“Give us today our daily bread.”
Not tomorrow’s bread. Not the bread for next week. Just today, the bread we’ll need for right now.
When Jesus taught the disciples to pray, this line brought to the forefront of their minds a particular part of their story as Jews.
Moses led the Hebrew people out of Egyptian captivity, and suddenly everyone realized they were in the desert with no food or water. So God told Moses that the Hebrews would have food, but they’d have to depend on God for it. Daily. Every day, the Hebrews would carry their jars out of their tents and collect manna. Manna was not the name of a type of grain or fruit. It’s a word that literally means, “What is it?” There are all kinds of theories about what it tasted like, if it was good, what it looked like. But the most important thing about manna was that it was what the Hebrew people needed. So they filled their jars with the stuff and ate it. They ate it every single day for breakfast, lunch, and dinner. And they were grateful, because they were hungry.
But there was a rule about collecting manna. You couldn’t collect more than you needed for that day. I imagine some of the Hebrews began to get nervous. They asked themselves, “What if God decides to stop sending us food? Don’t we know that as quickly as it comes, it can be taken from us?” So maybe they decided to stock away some manna for the next day, just in case. As they slept securely, knowing they’d saved food for their families for the next day, the manna stored in their jars spoiled and they found it full of maggots the next morning.
Every day, God would provide. And every day, the people had to trust their Provider. Only on the day before the Sabbath could they collect two days’ worth of food. Because God had commanded them to rest and not labor on that day. So when they went out to collect on that day, there was a double portion. And on the Sabbath there was no manna to collect. God would provide, according to God’s timing and purposes.
Daily bread. Collect only enough for the day and no more. And when that’s gone, we trust that God in God’s faithfulness will provide once again.

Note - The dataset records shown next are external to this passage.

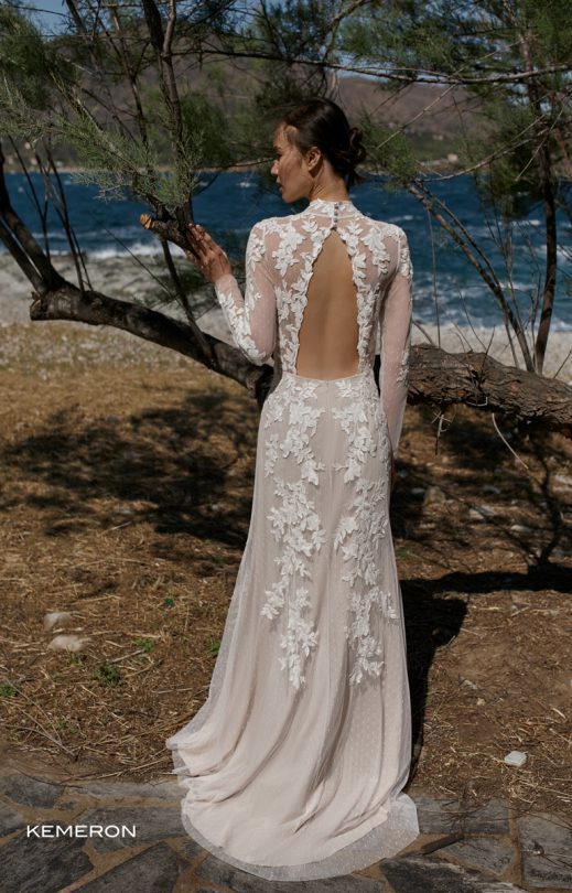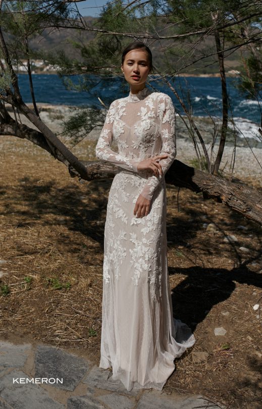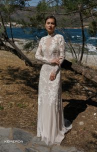 Das Kleid der passenden Silhouette „Fisch“ ist aus weichem Strickstoff, Grops-Tüll, verziert mit Baumwollspitzenelementen, die leicht mit transparenten Pailletten bestickt sind. Vorderes Mieder-transparentes Korsett mit Cups. Ärmel von unten mit einem Verschluss an Knöpfen-Perlen.
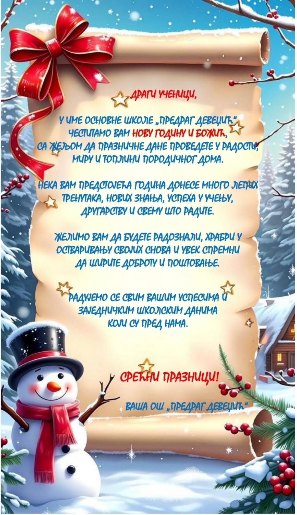 Саопштавање успеха и подела ђачких књижица биће у петак, 9. 1. 2026. године:➡️ за ученике од 5. до 8. разреда у 11 сати;➡️ за... |
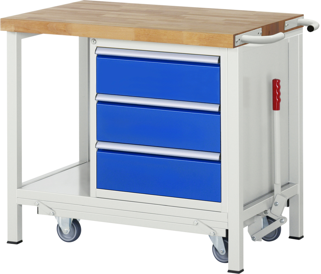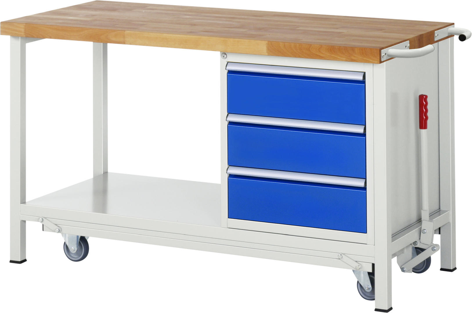 - 4-Fuß Schweißgestell mit zwei Gestellfußpaaren aus Profil-Stahlrohr (45x45x2 mm) inkl. Tiefenverstrebungen (oben und unten). Gestellfüße unten mit Abschlusselement inkl. Anti-Rutsch-Noppe für sicheren Stand. Untergebautes Fahrgestell mit Excenterhebel (rechts). Bedienung des Excenterhebels nur bis Zuladung von max. 300 kg möglich. Das Fahrgestell lässt sich mit dem Excenterhebel ein- und ausfahren. Im ausgefahrenen Zustand beträgt die Höhe der Werkbank 910 mm. Fahrgestell mit 2 Bock- und 2 Lenkrollen (Rollendurchmesser 100 mm, Bauhöhe 125 mm, Laufbelag aus thermoplastischem Gummi (spurlos, 85 ° Shore), Radkörper aus Polypropylen). Bockrollen sind an der linken Seite, Lenkrollen an der rechten Seite montiert (Radplattenbefestigung). Querstreben aus C-Profil (40x40x2 mm) oben unter der Arbeitsplatte (vorne, hinten) sowie Ablageboden unten (Tiefe 650 mm hinten bündig mit Systemunterbau, Fachhöhe 580 mm).

I have to be honest. I’m really not good at trusting God for my daily bread. I like to plan. I want to plan my budget for the month, my meals for the week. So what do I do when I can’t plan, when I don’t know what might happen from day to day or week to week? What do I do when my plans have turned to dust and I have no idea what life looks like a minute from now?
I’m learning that I trust God for my daily bread. Not my weekly bread or my monthly bread. I trust God for daily bread. And I’m learning that my faithful Provider always sends something unexpected to sustain me.